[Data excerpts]
#####
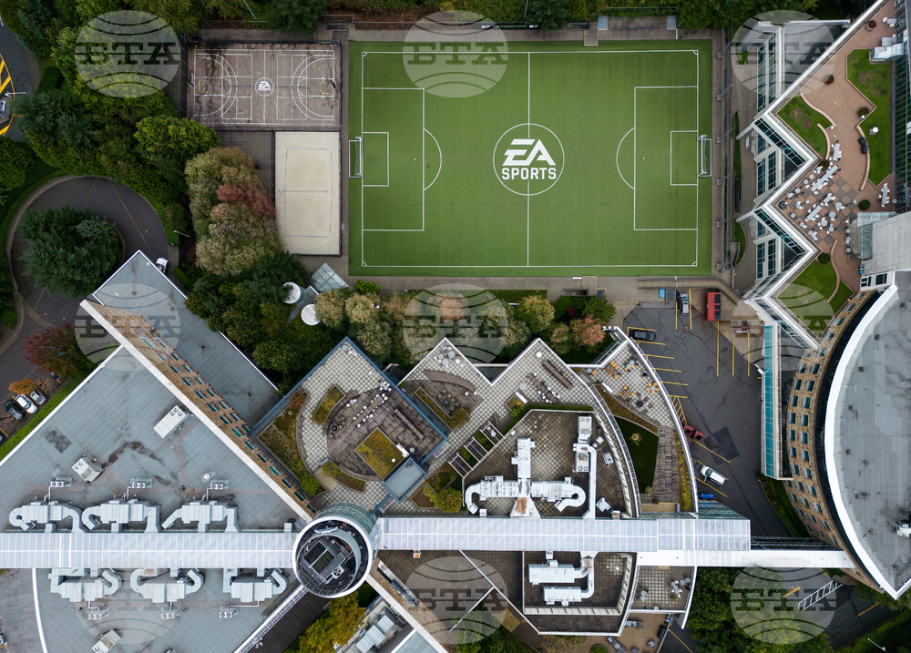 Electronic Arts' office and studio complex is seen in an aerial view, in Burnaby, British Columbia, Monday, Sept. 29, 2025, as the maker of video games like “Madden NFL," “Battlefield,” and “The Sims,” is being acquired for $55 billion in what could become the largest private equity-funded buyout in history. (Darryl Dyck/The Canadian Press via AP)
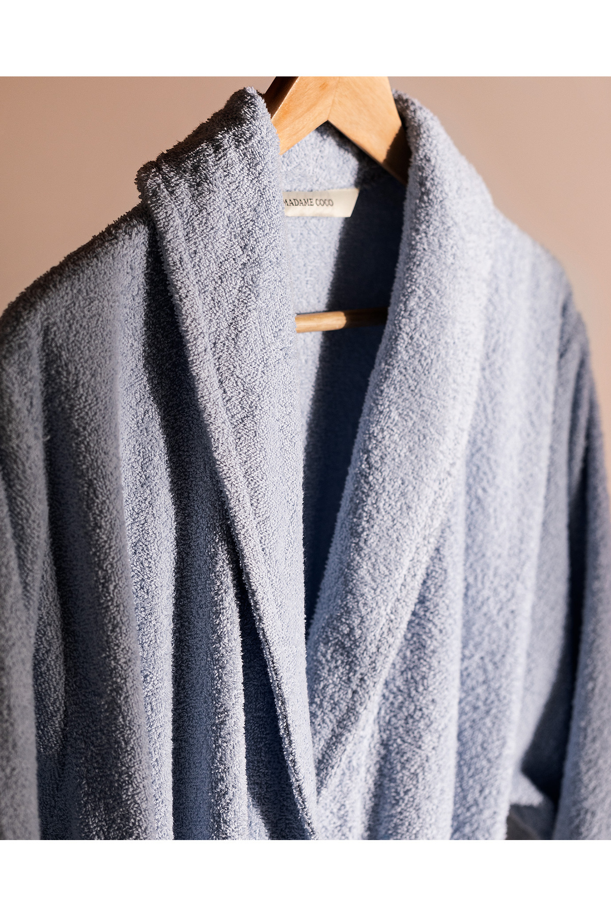 Belda Şalyaka Kadın Bornoz - Mavi Yüksek nem emiciliği özelliğiyle %100 pamuklu Belda Şalyaka Kadın Bornoz, sadelik tercih edenler için ideal bir seçimdir.
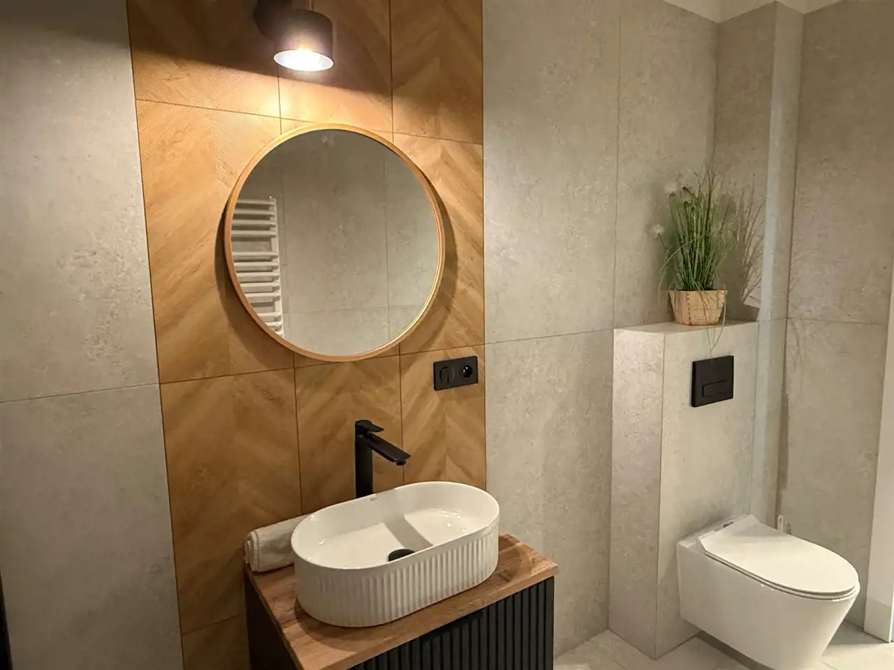z przynależnym ogródkiem w nowym bloku z windą, zlokalizowane przy ul. Kurkowej w Lesznie. Wnętrze wykończone w eleganckiej, ponadczasowej tonacji ciepłego drewna i kaszmiru.
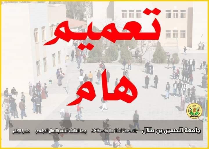 خبرني - قرر رئيس جامعة الحسين بن طلال الاستاذ الدكتور عاطف الخرابشة، ونظرا للظروف الجوية السائدة، وحفاظا على أمن وسلامة الطلبة والعاملين :
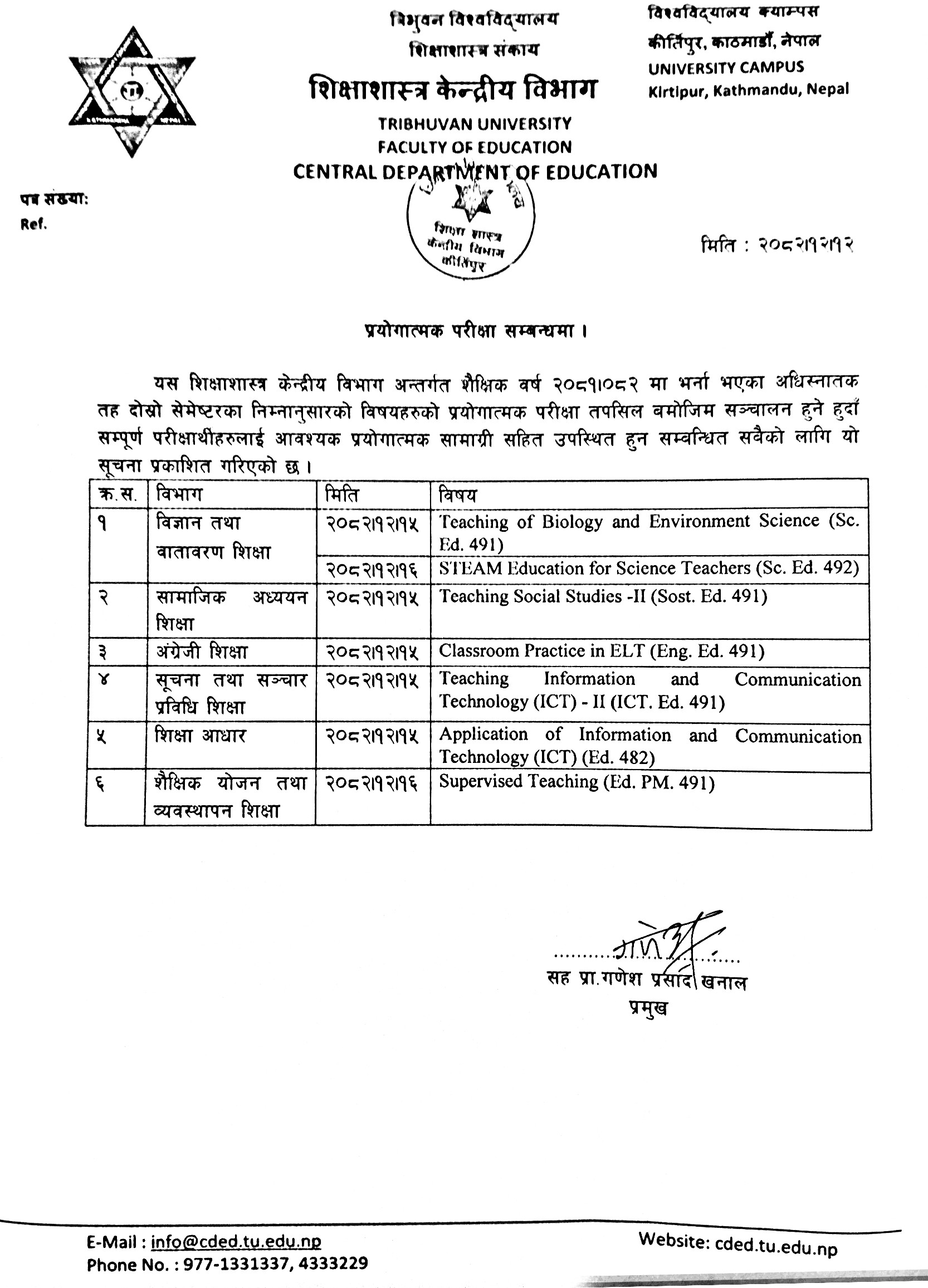 अधिस्नातक तह (PGDE) दाेस्राे सेमेष्टरकाे प्रयाेगात्मक परीक्षा सम्बन्धी सूचना ।
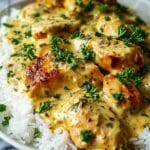 Creamy Smothered Chicken Rice is the ultimate comfort food, featuring tender seared chicken breasts bathed in a rich, creamy garlic Parmesan sauce served over fluffy long-grain white rice. This hearty and satisfying dish combines a luscious homemade sauce with perfectly cooked rice for a cozy, flavorful meal perfect for family dinners or special occasions.
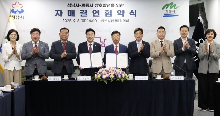 내고향뉴스 고광만 기자 | 계룡시와 경기도 성남시가 8일 성남시청에서 우호 교류 증진과 상호 발전 자매결연 협약을 체결했다고 밝혔다.
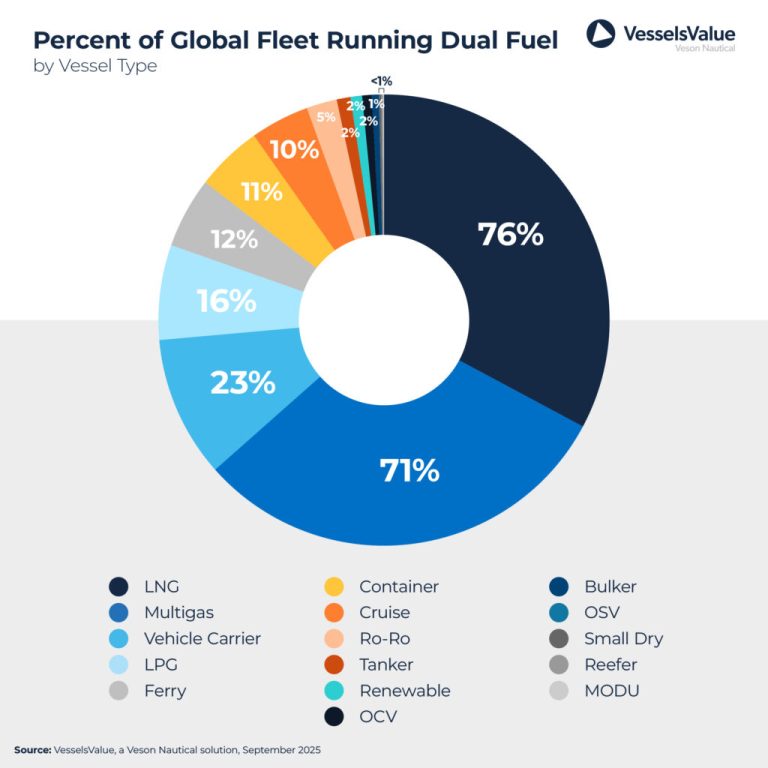 Multigas %71 ile ikinci sırada yer alırken, onu %23 payla Araç Taşıyıcılar izliyor. Küresel sipariş defterinde, Araç Taşıyıcıların çoğu çift yakıtlı. Bu eğilim, bu gemilerle taşınan birincil kargo tarafından yönlendiriliyor: EV'ler (Elektrikli Araçlar) dahil olmak üzere fabrika yeni OEM (Orijinal Ekipman Üreticisi) hafif araçlar. OEM'ler, yeni hafif ve ağır araçlarını daha düşük emisyon değerleri sağlayan temiz gemilerle taşımayı tercih ediyor. Bu tercih, çevreye duyarlı nakliye çözümlerine olan talebin artmasına neden oldu. Sonuç olarak, Araç Taşıyıcı sektöründe faaliyet gösteren gemi sahipleri, diğer denizcilik sektörlerine kıyasla çok daha yüksek oranlarda çift yakıtlı gemiler sipariş ediyor.
#####
#### TASK INSTRUCTIONS:
Give again the stretch of lines above from the one with "Creamy Smothered Chicken" through the one with "내고향뉴스 고광만 기자", both ends kept, and copy no pictures.

#### FINISHED TASK:
 Creamy Smothered Chicken Rice is the ultimate comfort food, featuring tender seared chicken breasts bathed in a rich, creamy garlic Parmesan sauce served over fluffy long-grain white rice. This hearty and satisfying dish combines a luscious homemade sauce with perfectly cooked rice for a cozy, flavorful meal perfect for family dinners or special occasions.
 내고향뉴스 고광만 기자 | 계룡시와 경기도 성남시가 8일 성남시청에서 우호 교류 증진과 상호 발전 자매결연 협약을 체결했다고 밝혔다.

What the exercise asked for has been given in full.